Впрочем, похоже, романтикой каждый называл не то, чего видел в жизни вагон и маленькую тележку, а совсем наоборот. В её жизни были и открытки, и цветы — были, наверняка, и рождественские ёлки каждый год, и снежные фонари, и какао в постель в день рождения, и прогулки по саду под луной под пение соловья. Она лезла во всю эту кашу, которая творилась в нашей части, затем, чтоб получить то, чего у неё не было раньше. Она могла себе это позволить. Ей надо было заботиться о маникюре, одежде, внешности — и об ощущениях, которые она хотела словить в этой жизни, они были сродни кайфу от наркоты, изменяющей реальность, — но никак не о счёте в нейтральном банке.
Честно, мне было почти всё равно. Каждый выбирал для себя, и никто не был виноват в том, что ей повезло заполучить в папаши полковника, а мне не повезло выколачивать наличку в грязных подворотнях мегаполиса. В этом мире всегда кто-то выигрывал, а кто-то в этот же самый момент валялся на заплёванном полу и готовился сдохнуть.

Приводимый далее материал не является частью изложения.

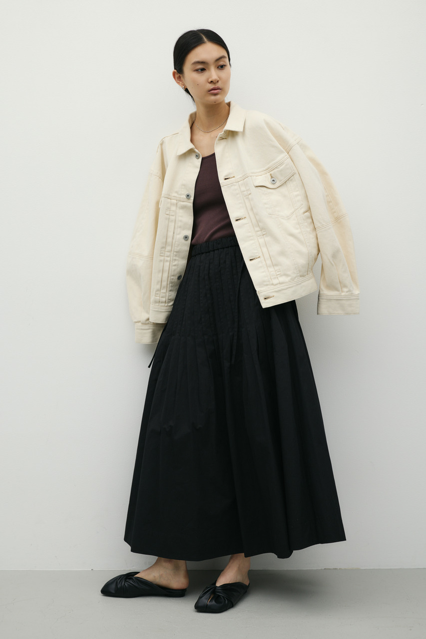 ボリューム感とハリのある素材でふんわり広がるフレアシルエットが魅力のタックプリーツスカート。程よくカジュアルな着こなしが楽しめる素材感でデイリーコーデにこなれ感をプラス。シンプルなトップスと合わせるだけで、ボリューム感を活かしたおしゃれなスタイルが完成します。ウエストは調節可能。透け感なし、ストレッチなし。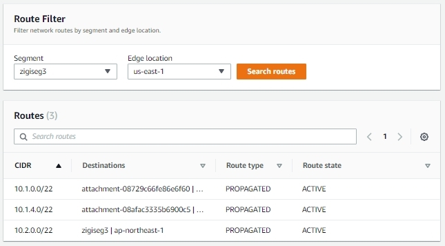 zigiseg3의 경우, 다시 zigiseg1에 속한 Attachment(10.1.0.0/22)에 대한 라우팅이 테이블에 반영된 것을 볼 수 있습니다.

— Да, наверное, это романтично, — наконец, сказала я. Мне на хрен не упёрлось спорить с ней — я получала своё удовольствие, и ничто не должно было этому мешать. В том числе и разговоры на темы, от которых она была далека, как земля от неба.
— Ну, Ева! — Эли надулась. — Так нечестно. Ты просто соглашаешься и всё. Ни за что не поверю, что тебе так уж нечего рассказать.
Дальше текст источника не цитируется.